Gardner kendi babasını çok geç tanıdığı için o gün kendisine bir söz veriyor."Çocuğum olduğunda asla onu bırakmayacağım." diye ve bu sözü ne yaparsa yapsın onu asla oğlundan ayırmıyor ve nereye giderse onu da arkasından sürüklüyor.

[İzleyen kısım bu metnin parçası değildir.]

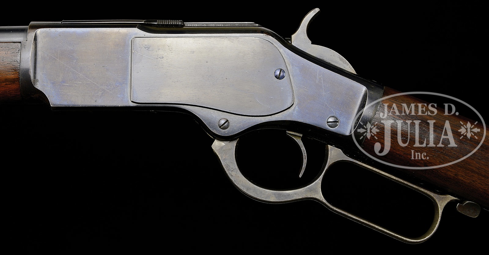 *WINCHESTER MODEL 1873 3RD MODEL LEVER ACTION MUSKET.SN 571049. Cal 44 WCF (44-40). Standard 3-band musket with 30″ bbl, full magazine, square base front sight/bayonet lug and 900 yd musket ladder rear sight. Mounted with very nicely figured, uncheckered, straight grain American walnut with straight stock & carbine/musket buttplate with trap. There were about 721,000 Model 1873 firearms produced and according to the referenced publication only 5% were muskets. Extrapolation of those figures shows that there were only about 36,000 muskets produced. CONDITION: Extremely fine. Bbl & magazine tube contain 98-99% strong orig blue and the receiver 88-90% glossy orig blue with the loss areas flaked, not worn, to a light patina with some light candy striping. Lever retains most of its orig case colors, strong on the sides, turning silver on the outer faces. Hammer retains brilliant case colors. Wood is sound with a couple of very minor storage & handling nicks and retains virtually all of its brilliant oil finish. Loading gate retains about all of its bright fire blue. Mechanics are crisp, brilliant shiny bore. Appears to be unfired. 4-47828 JR117 (5,000-8,000) – Lot 1120

Elinde ne var ne yoksa bir kemik tarama cihazına yatıran Gardner bunun büyük bir hata olduğunu yüksek fiyatı ve doktorların sürekli onu geri çevirmesiyle anlıyor ama iş işten geçmiş oluyor tabii.Bu sırada da ekonomik durumu iyice kötüye gittiği için eşi artık dayanamaz bir hale gelip ayrılma kararı veriyor.Ama buna rağmen Gardner oğluna bakamayacağını bile bilse yine oğlunu yanına alıyor ve maceraları başlıyor.
Yıldızınızın ne zaman parlayacağını bilemezsiniz ya işte aynen öyle oluyor.Hayat yolun kenarında park eden bir adamı görüp ona şakayla takılıp ne iş yaptığını sormasıyla başlıyor.Bütün bir hayatının bu makineyi satmakla gitmeyeceğini ve düzgün bir iş bulmasını bildiği için bu işe girme kararı alıyor.Ama tabii ki o iş o kadar kolay değil.Karşılığında büyük bir sabır ve fedakarlık yapması gerekiyor.Yani ya kabul edecek tüm olacakları ya da kabul etmeyip kendine daha kolay bir yol bulması gerekecek.Bazen sabretmeyi bilip zora atılmak güzel kapılar açabiliyor önümüze.İşte aynen öyle oluyor.
Yaşadığı tüm olaylar karşısında bir insan hiç mi ağlamaz bari bir kez sinirlerin bozulsun böyle de olmaz ki derken o iki damla gözyaşı aslında bağırıp,çağırıp haykırarak ağlamamasının sebebini bir anda gözünüzün önüne seriyor.
Ve tüm yaşananlara rağmen oğlu için ayakta kalmaya çalışan bir babanın sabırla ve azimle herkesin imkansız olarak gördüğü,eşinin dalga geçtiği yere gelmesi.Hatta oranın da tepesine varmasının hikayesi.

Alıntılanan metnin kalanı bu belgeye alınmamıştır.